I have this input file:
chr1
chr1
chr2
chr2
chr3
chr3
I would like to separate it into the following output files:
"1st file"
chr1
chr1
chr1
"2nd file"
chr2
chr2
"3rd file"
chr3
chr3
I am using this code but it is not working
for i in {1..3}
do
awk '{if ($1 == "chr"$i) {print $0}}' 17_n.tsv > $i
done
Upvotes: 0
Views: 77
Reputation: 74596
Perhaps you could use something like this:
$ cat file
chr1
chr1
chr2
chr2
chr3
chr3
$ awk '{suffix = substr($1, length($1)); print > "file" suffix}' file
$ cat file1
chr1
chr1
$ cat file2
chr2
chr2
$ cat file3
chr3
chr3
Basically, take the last character of the first field and use it to determine the filename.

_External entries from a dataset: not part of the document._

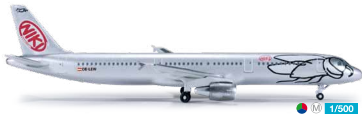
520942-001 1/500 19,50 € Niki Airbus A321 Neue Registration / New registration: OE-LEW „Cancan“
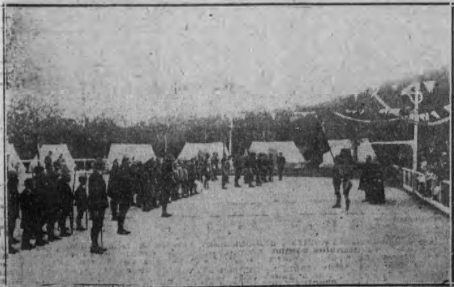
Momento de prometer los nuevos exploradores
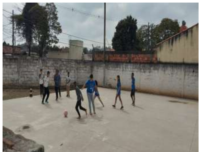
Ofic. Esporte futebol 14/08/25
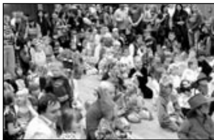
Chlapci, děvčata i rodiče se zájmem sledují pohádku.

If there can be more than one digit at the end, you can use this instead:
awk 'match($1, /[0-9]+$/) { print > ("file" substr($1, RSTART)) }' file
match
sets RSTART
to the position of the start of the match, so it can be used with substr
to extract the numerical part of the input.
Upvotes: 1
Reputation: 195029
if your lines are in format N non-number chars + N numbers
, you can try:
awk '{f=$0;sub(/^[^0-9]*/,"",f);print >("output"f)}' input
this won't work for ch0r1
.
If you want it to work for ch0r1
too, use gawk:
awk '{f=gensub(/^.*[^0-9]([0-9]*)$/,"\\1","g");print >("output"f)}' file
Upvotes: 1
Reputation: 3646
As awk
is a separate language with it's own interpreter, bash
variables can't be used properly in awk
without passing them first using the -v
option. Also, the default action in awk
is to print, so you don't need {print $0}
.
So this would work:
for i in {1..3}
do
awk -v i=$i '$1 == "chr"i' 17_n.tsv > $i
done
That said, you can also accomplish what you want in a read
loop:
while read -r line
do
[[ $line == chr+([0-9]) ]] && echo $line >> ${line#chr}
done < 17_n.tsv
Upvotes: 1